John Garvey, President of The Catholic University of America 
Mass of the Holy Spirit Remarks 
Basilica of the National Shrine of the Immaculate Conception, Great Upper Church
Sept. 2, 2021

We begin each year by gathering here to ask for the blessing of the Holy Spirit.  It’s a chance to thank God for what the new semester holds. This year I am particularly grateful that we are here in person.  Last year many of our students missed the joy of living on campus. Professors had to reformat their teaching to suit social distancing and online learning.  It’s good to be together again. 

When the country locked down in the spring of 2020 we could see a silver lining or two. Some people enjoyed the convenience of working from home. Some had more time with their families. Some found an opportunity for reflection in solitude. But as time wore on we began to miss things: friendly faces on the Metro; the choir at Sunday mass; dinners together; nights out. These once seemed like small things. But when they were gone we realized they were big. 
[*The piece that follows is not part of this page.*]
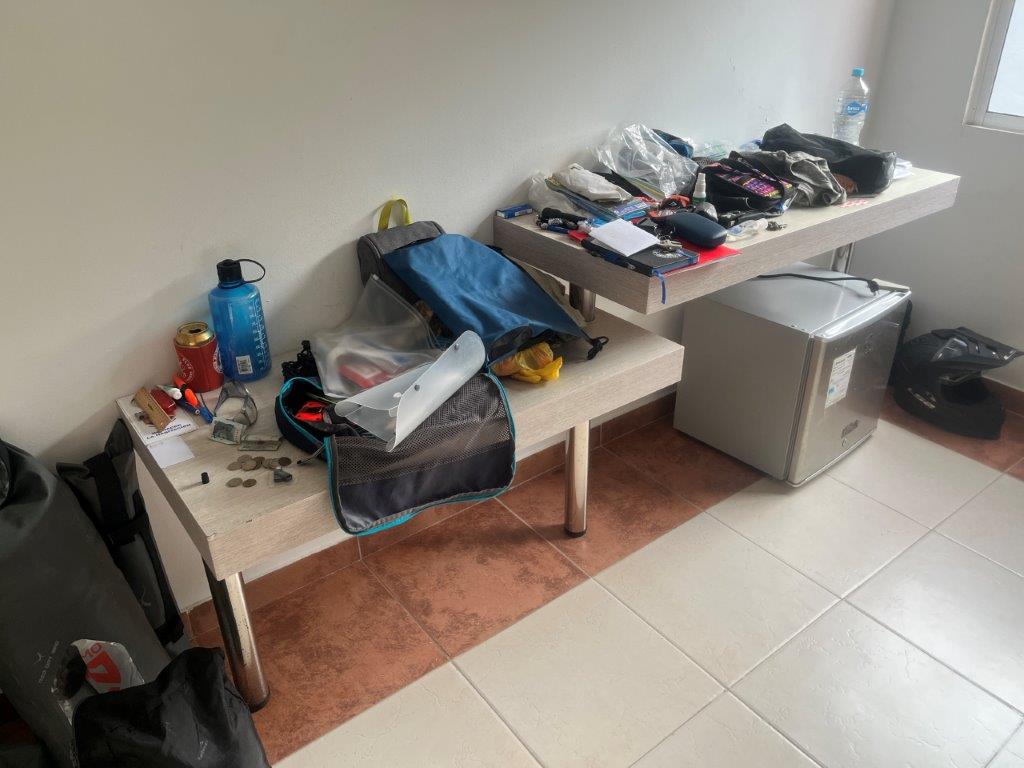 It was nice to be able to spread my gear out and work in the cool. The bag on the right is all of my clothes for the year (excluding my motorbike safety clothing and what I’m wearing) I managed to minimalise enough stuff so that I could fit it all in my Mosko Moto luggage panniers. The left-over gear I had decided to send to a friend in Bogota. Fortunately, when I googled DHL, there was a depot only a five minute walk from my hotel. Most of the stuff I was going to send was the bags that I had used to get to Cartagena with all the new trip gear I’d bought in the States and which I will need again when I fly home.

Gerard Manley Hopkins, a convert to Catholicism, was received into the Church by John Henry Newman.  After he graduated from Oxford he joined the Jesuits (Pope Francis’s order).  In 1877 he wrote a sonnet (first published 40 years later) about how small things can be big.  “Glory be to God for dappled things” he wrote,

For skies of couple-colour as a brinded cow; 
For rose-moles all in stipple upon trout that swim; 
[for] finches’ wings . . . 

Everyday we experience beauty in real things. Today we feel it in the vastness of this basilica, with its marble columns and brilliant mosaics.  If you go to the crypt you can see it in the quiet simplicity of the Lourdes Chapel.  

We hear it in the hymn we sang in the procession, John Dryden’s version of Veni Creator Spiritus: “Come visit every pious mind; come pour thy joys on humankind.” The music itself is a source of our joy. 

Like Hopkins, we also see beauty in ordinary things: the crepe myrtles on the campus; the smell of cut grass; the smile of a friend. “The world is charged with the grandeur of God” Hopkins says in another poem. It’s everywhere if you look for it.  But it’s harder to access on Zoom. 

Today we begin another semester at Catholic University, this time together in person. My advice to you is this: Cherish the real things. Find the beauty in them. Trace the details on the façade of Gibbons Hall.  Sit a while in Caldwell and look around.  Enjoy our green spaces – the atrium of Ward, the Mary Garden; in another month, the reflecting pool we are building for Angels Unawares.   

The beauty around you will nourish your soul. It will make you happy. More than that, it will bring you closer to God.  Hopkins understood that too. The poem ends like this:

All things counter, original, spare, strange; 
Whatever is fickle, freckled . . .
He fathers-forth whose beauty is past change: 
Praise him.

Beauty in all its forms shows something of God to us.  It points us past the here and now to something we desire deep down.  It invites us to join in its chorus of praise to the one who makes everything that is beautiful.  Pope Francis says it plainly in Evangelii Gaudium: “Every expression of true beauty . . . [is] a path leading to an encounter with the Lord Jesus.” 

I hope you’ll spend time on that path this semester.  God bless you and all your efforts.